Start with a basic chain-of-thought (CoT) instruction like "First, think carefully step by step about what documents are needed...". Improve CoT by auditing failures and addressing systematic errors (misunderstanding user intent, insufficient context/analysis, incorrect step-by-step thinking) with more explicit instructions.
For output formatting, Markdown is recommended, using titles, inline backticks, and lists. XML also performs well, convenient for wrapping sections with start/end tags and metadata. JSON is highly structured but can be more verbose. In long context testing, XML performed well for structuring documents, while JSON performed particularly poorly. Use judgment to provide clear information that "stands out" to the model; if retrieving content with lots of XML, an XML-based delimiter may be less effective.
Start prompt development with an overall “Response Rulesˮ or “Instructionsˮ section with high-level guidance. Add specific sections for details (e.g., # Sample Phrases). For specific steps, add an ordered list and instruct the model to follow them.
If behavior isn't as expected, check for conflicting, underspecified, or wrong instructions/examples; GPT-4.1 tends to follow the one closer to the end of the prompt. Add examples that demonstrate desired behavior, ensuring rules cite the example behavior.
All-caps or incentives are generally not necessary; start without them. If providing sample phrases, instruct the model to vary them to avoid repetitiveness.
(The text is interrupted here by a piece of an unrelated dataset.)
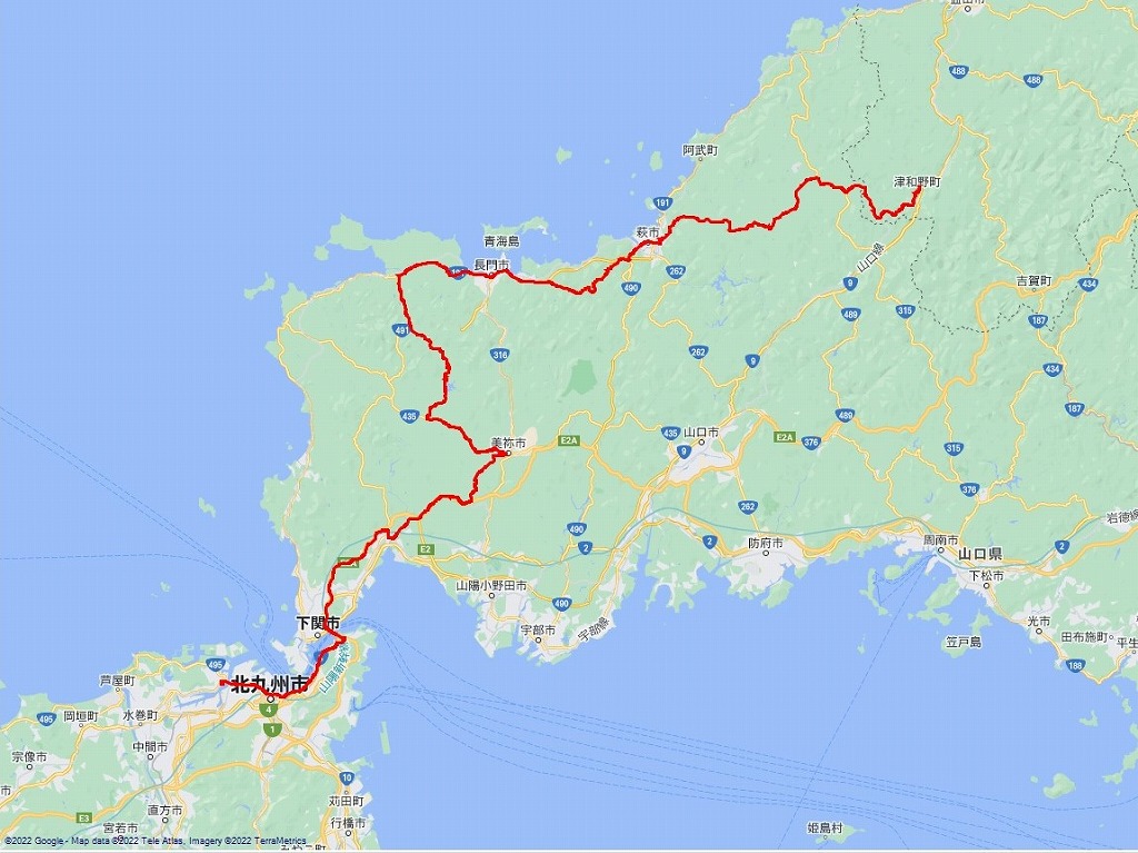 | 午後の道程:津和野~萩~長門~豊田湖~美祢~小月IC~関門橋~北九州市若松:199.87 km | |
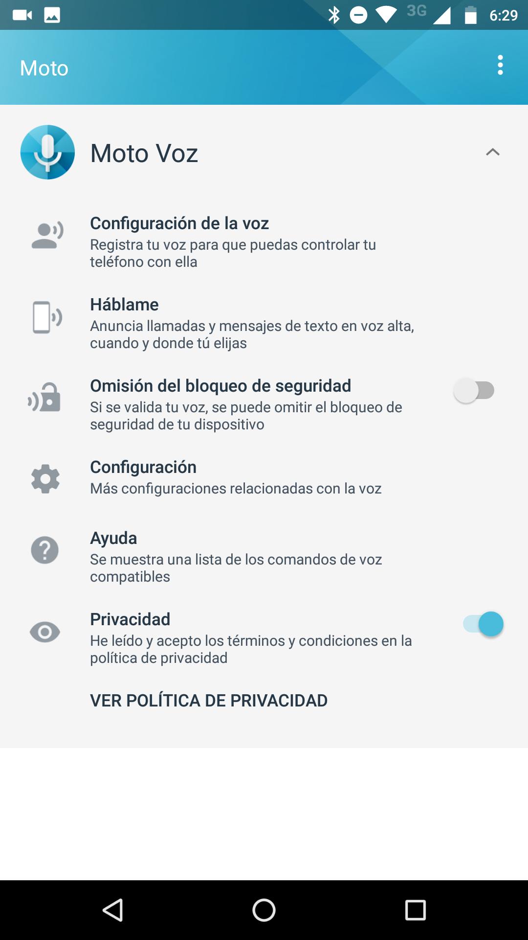 Siguiendo dentro de la app Moto, encontraremos los ajustes de Moto Voz donde podremos desbloquear el equipo con solo utilizar nuestra voz o permitir que el equipo nos vayan leyendo mensajes y anunciando llamadas cuando estemos conduciendo, entre otras funciones.

Provide instructions and potential examples to mitigate unwanted extra prose or formatting.
When providing factual information from retrieved context, always include citations immediately after the relevant statement(s), using the format [NAME](ID) or [NAME](ID), [NAME](ID).

Google

PaLM 2 (Legacy)

Capabilities: General-purpose LLM (multilingual, reasoning, coding). Specialty fine-tunes available.
Input Types: Text (some vision capabilities via Bard’s integration of Google Lens).
Usage Limit: Still available via Vertex AI (until 2024 deprecation).
API Availability: Yes (Vertex AI PaLM API, migrating to Gemini API).
Prompt Engineering Tips: Similar prompting to Gemini: straightforward instructions and few-shot examples for best results. Migration to Gemini is recommended for better multimodal support.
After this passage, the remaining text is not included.